((

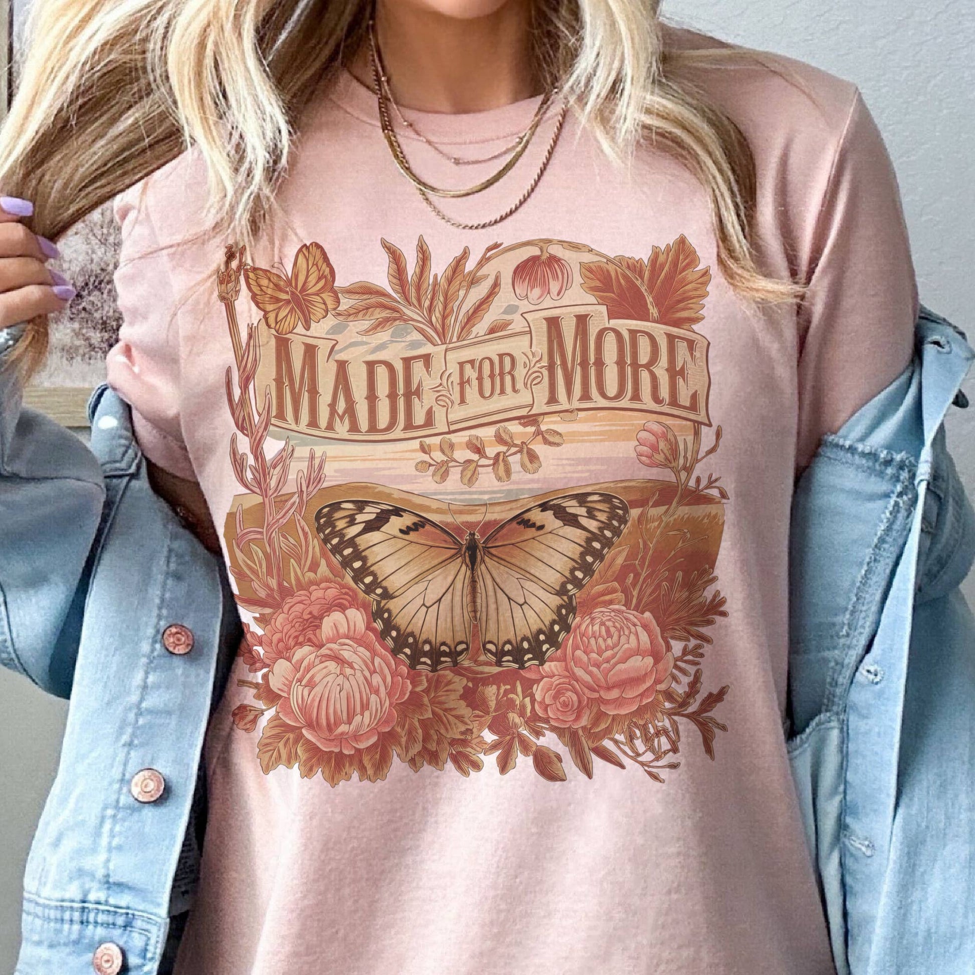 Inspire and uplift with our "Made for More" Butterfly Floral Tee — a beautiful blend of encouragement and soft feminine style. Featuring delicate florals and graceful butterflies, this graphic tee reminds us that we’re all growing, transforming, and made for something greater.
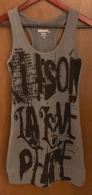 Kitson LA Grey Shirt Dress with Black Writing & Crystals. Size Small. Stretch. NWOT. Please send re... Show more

))
((

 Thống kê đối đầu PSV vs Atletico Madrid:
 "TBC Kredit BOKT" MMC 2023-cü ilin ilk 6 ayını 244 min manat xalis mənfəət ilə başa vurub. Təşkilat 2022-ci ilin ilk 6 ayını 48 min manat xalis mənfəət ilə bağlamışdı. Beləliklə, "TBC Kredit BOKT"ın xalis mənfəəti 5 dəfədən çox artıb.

))

[PROBLEM DESCRIPTION]
Copy out exactly the lines above beginning with the line that contains "Inspire and uplift" and finishing with the line that contains "Kitson LA Grey", including both; leave the pictures out.

[ANSWER TO THE EXERCISE]
 Inspire and uplift with our "Made for More" Butterfly Floral Tee — a beautiful blend of encouragement and soft feminine style. Featuring delicate florals and graceful butterflies, this graphic tee reminds us that we’re all growing, transforming, and made for something greater.
 Kitson LA Grey Shirt Dress with Black Writing & Crystals. Size Small. Stretch. NWOT. Please send re... Show more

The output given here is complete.